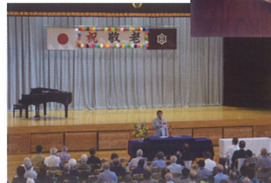
令和元年敬老会の様子

～素敵なお家から憧れのマイホームをご紹介～ 賃貸・売買 斡旋 一般建築・リフォーム
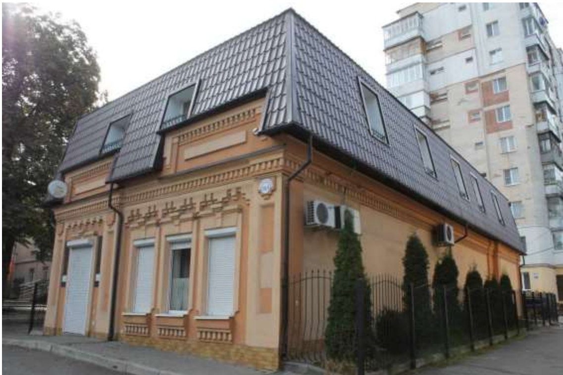
56. Будинок житловий, кін. XIX ст., поч. XXI ст., вул. Кам'янецька, 58/1. Фото жовтень 2016 р. Щойно виявлений об'єкт культурної спадщини за видом архітектури.
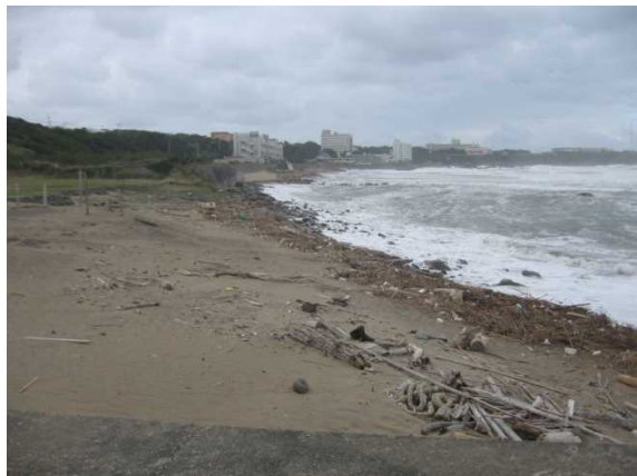
(平成 27 年 10 月)
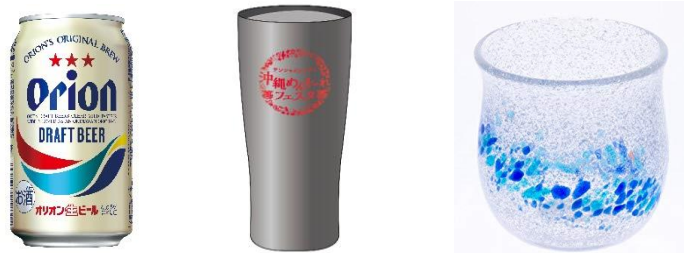
「おうちにプレゼント！」で当たるプレゼント（イメージ）

サンシャイン水族館では、「サンゴプロジェクト」と称しサンゴの保護と啓発活動を推進しています。今回の本イベントでは、サンゴについて知っていただくため、クロスワード型のクイズコンテンツを実施します。サンゴプロジェクトのWebサイトを参考に、導き出される特定のキーワードをフォームに入力すると、サンシャイン水族館オリジナルのバーチャル背景をプレゼント。
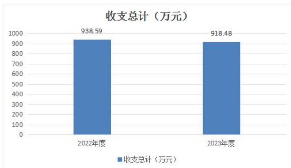
图1：收、支决算总计变动情况

2023年度收、支总计918.48万元。与2022年度相比，收、支总计各减少20.11万元，下降2.14%。主要变动原因为突发公共卫生事件应急处理方面相关支出减少，增加融媒体中心建设项目，以及单位新增职工。
######
__Try it__
The complete material, set down exactly and stripped of pictures, is the expected response.

__Written solution__
令和元年敬老会の様子

～素敵なお家から憧れのマイホームをご紹介～ 賃貸・売買 斡旋 一般建築・リフォーム
56. Будинок житловий, кін. XIX ст., поч. XXI ст., вул. Кам'янецька, 58/1. Фото жовтень 2016 р. Щойно виявлений об'єкт культурної спадщини за видом архітектури.
(平成 27 年 10 月)
「おうちにプレゼント！」で当たるプレゼント（イメージ）

サンシャイン水族館では、「サンゴプロジェクト」と称しサンゴの保護と啓発活動を推進しています。今回の本イベントでは、サンゴについて知っていただくため、クロスワード型のクイズコンテンツを実施します。サンゴプロジェクトのWebサイトを参考に、導き出される特定のキーワードをフォームに入力すると、サンシャイン水族館オリジナルのバーチャル背景をプレゼント。
图1：收、支决算总计变动情况

2023年度收、支总计918.48万元。与2022年度相比，收、支总计各减少20.11万元，下降2.14%。主要变动原因为突发公共卫生事件应急处理方面相关支出减少，增加融媒体中心建设项目，以及单位新增职工。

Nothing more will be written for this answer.